Data supplied section start

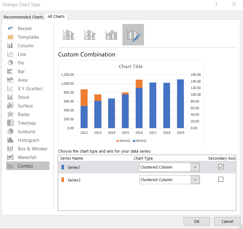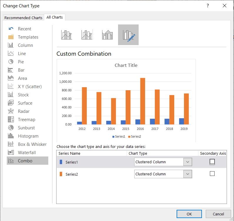 I am trying to make two columns of value show in a Column chart with two bars side-by-side. But whenever I try to move one series of data on secondary axis, the chart automatically overlaps the two bars. How can I fix this and how can I stop it from happening? This does not make any intuitive sense at all.
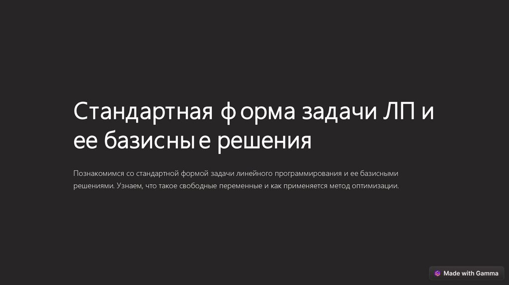 Познакомимся со стандартной формой задачи линейного программирования и ее базисными
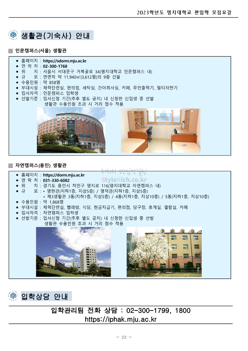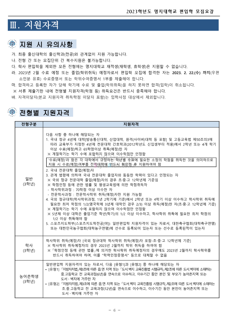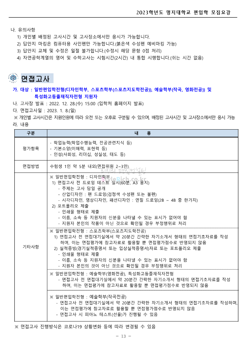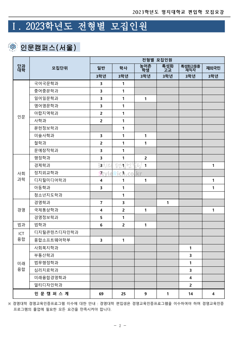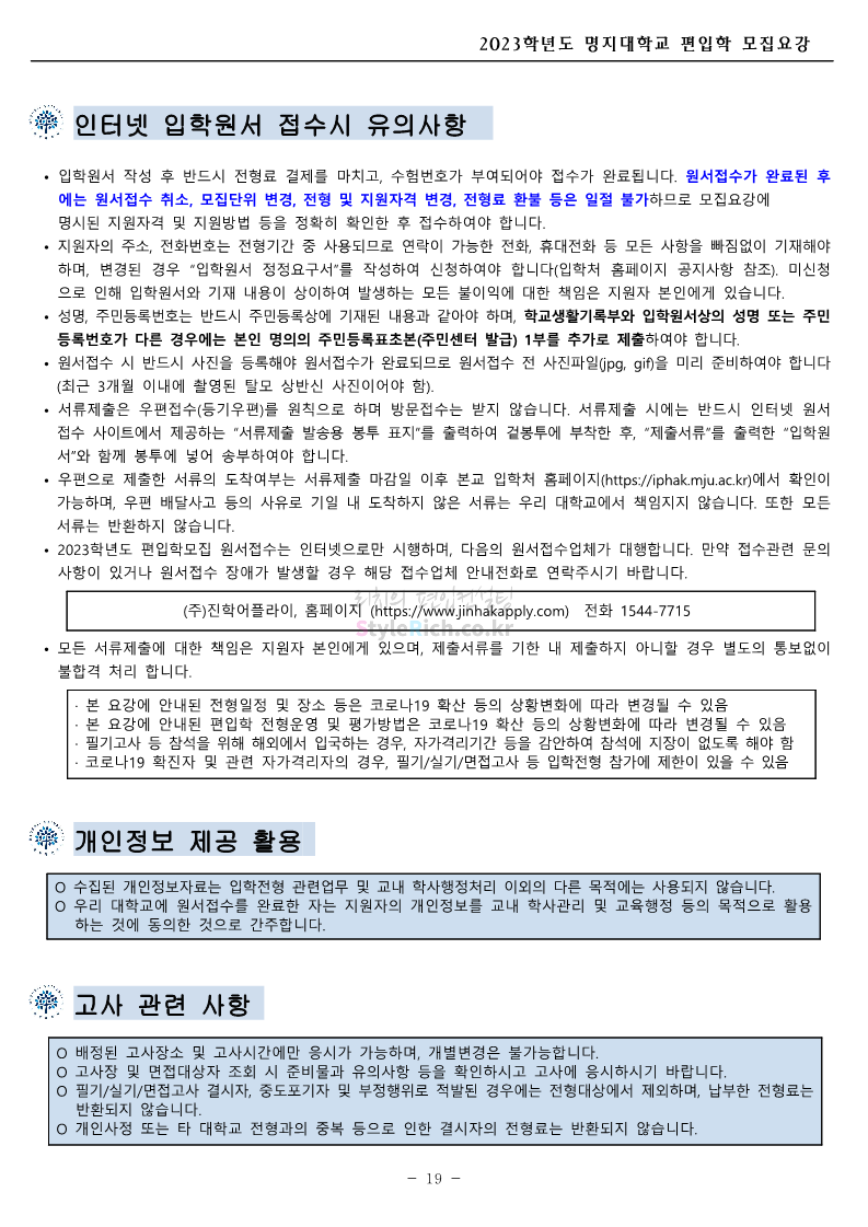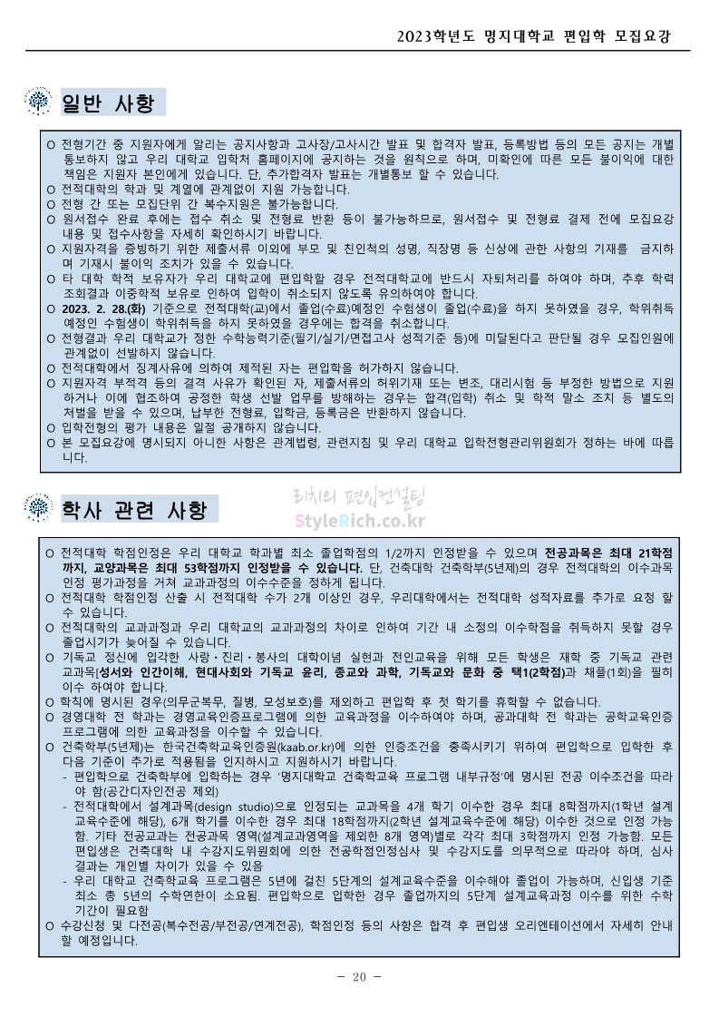 명지대 편입 2023학년도 모집요강 간편하게 보자! 2022.11.30 00:53 편입 모집요강/2023학년도 모집요강 2023학년도 명지대 편입 모집요강(2022.11.29 기준)을 간편하게 확인하세요. * 최종 모집요강 발표 이후에도 내용의 일부가 변경될 수 있으니 지원 전 반드시 명지대 입학처를 확인 바랍니다. 명지대 편입 최신 모집요강 확인하기 <출처: 명지대> 공유하기 게시글 관리 리치의 편입컨설팅 저작자표시 비영리 변경금지 (새창열림) '편입 모집요강 > 2023학년도 모집요강' 카테고리의 다른 글 연세대(미래) 편입 2023학년도 모집요강 간편하게 보자! (0) 2022.11.30 연세대 편입 2023학년도 모집요강 간편하게 보자! (0) 2022.11.30 국민대 편입 2023학년도 모집요강 간편하게 보자! (0) 2022.11.30 건국대 편입 2023학년도 모집요강 간편하게 보자! (0) 2022.11.30 강남대 편입 2023학년도 모집요강 간편하게 보자! (0) 2022.11.29 댓글 공유하기 다른 글 댓글 이 글 공유하기 구독하기 구독하기 카카오톡 카카오톡 라인 라인 트위터 트위터 Facebook Facebook 카카오스토리 카카오스토리 밴드 밴드 네이버 블로그 네이버 블로그 Pocket Pocket Evernote Evernote 다른 글 연세대(미래) 편입 2023학년도 모집요강 간편하게 보자! 연세대(미래) 편입 2023학년도 모집요강 간편하게 보자! 2022.11.30 연세대 편입 2023학년도 모집요강 간편하게 보자! 연세대 편입 2023학년도 모집요강 간편하게 보자! 2022.11.30 국민대 편입 2023학년도 모집요강 간편하게 보자! 국민대 편입 2023학년도 모집요강 간편하게 보자! 2022.11.30 건국대 편입 2023학년도 모집요강 간편하게 보자! 건국대 편입 2023학년도 모집요강 간편하게 보자! 2022.11.30 다른 글 더 둘러보기
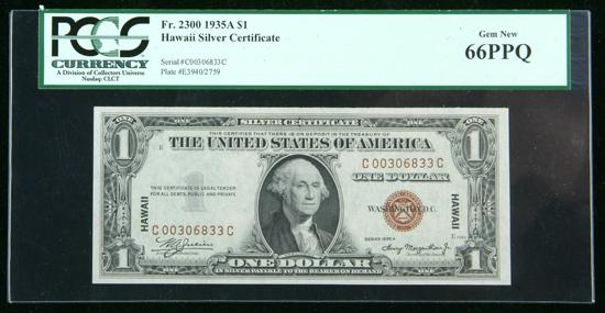 1935-A, $1 World War II Emergency Note. Hawaii. PCGS Gem New 66PPQ. . Fr-2300. This beautiful Gem is from the C-C block, and is fully embossed and beautifully margined.
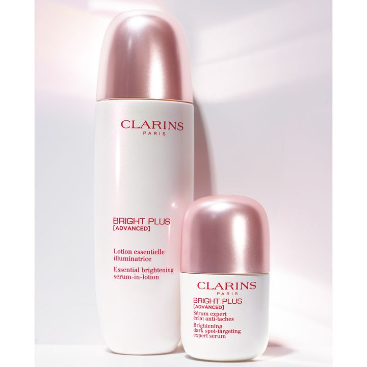 メラノサイトの細胞膜上に存在するタンパク質の集合体、カベオラがスキントーンの均一性に深くかかわっていることに着目。カべオラの量を130%増加させるテクノロジーを搭載し、シミや肌もやを撃退します。黄ぐすみにもアプローチするアセロラエキスも配合。左:セラム イン ローション150ml¥11,110 右:ブライトニング DST セラム30ml¥13,530[ともに医薬部外品](ともにクラランス)
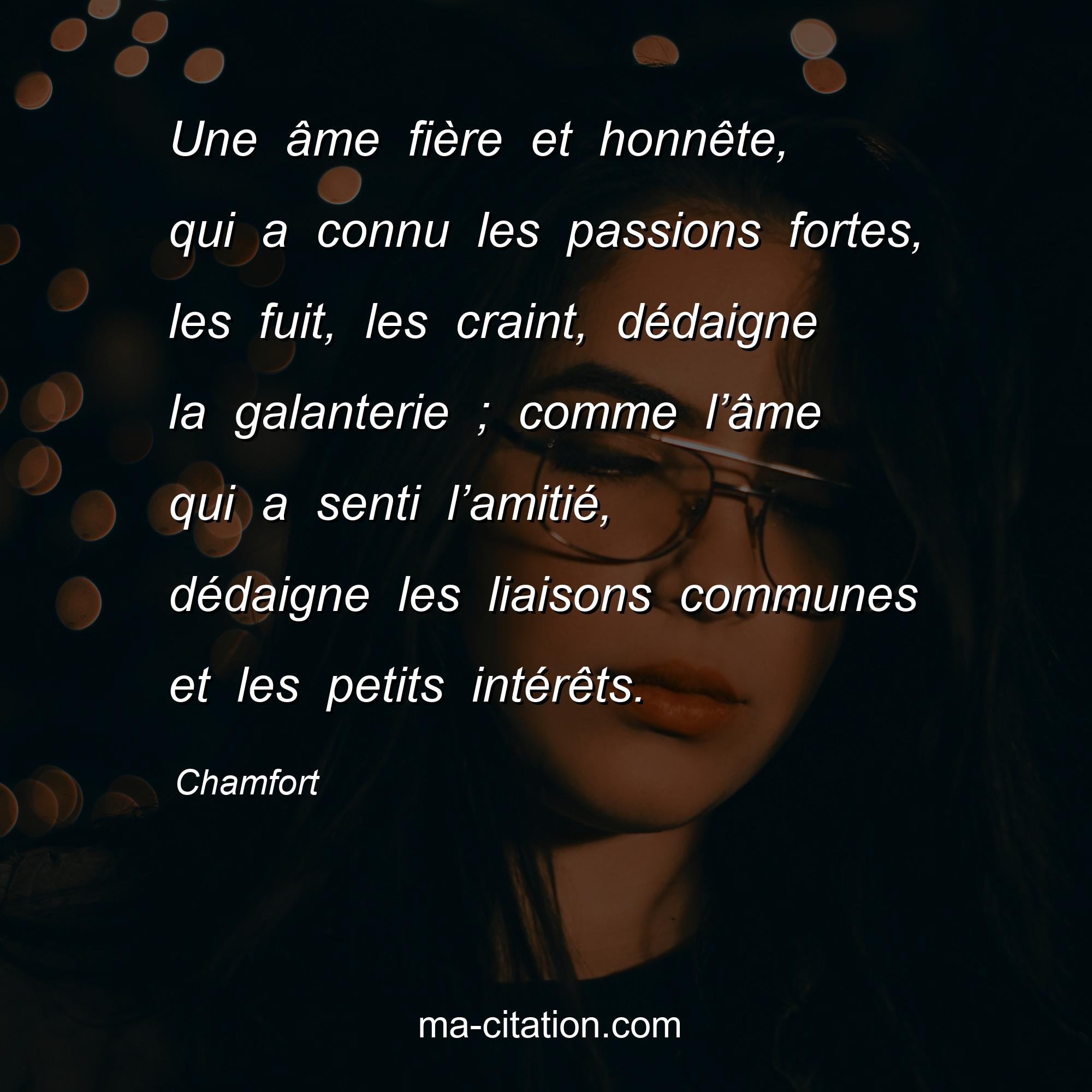 Citation sur l'amitié de Chamfort :Une âme fière et honnête, qui a connu les passions fortes, les fuit, les craint, dédaigne la galanterie ; comme l’âme qui a senti l’amitié, dédaigne les liaisons communes et les petits intérêts.

Data supplied section end

Task to complete> Beginning with the first line of the records above, extract each line exactly through the line that holds "Познакомимся со стандартной", both ends included. Omit pictures.

Answer section>
 I am trying to make two columns of value show in a Column chart with two bars side-by-side. But whenever I try to move one series of data on secondary axis, the chart automatically overlaps the two bars. How can I fix this and how can I stop it from happening? This does not make any intuitive sense at all.
 Познакомимся со стандартной формой задачи линейного программирования и ее базисными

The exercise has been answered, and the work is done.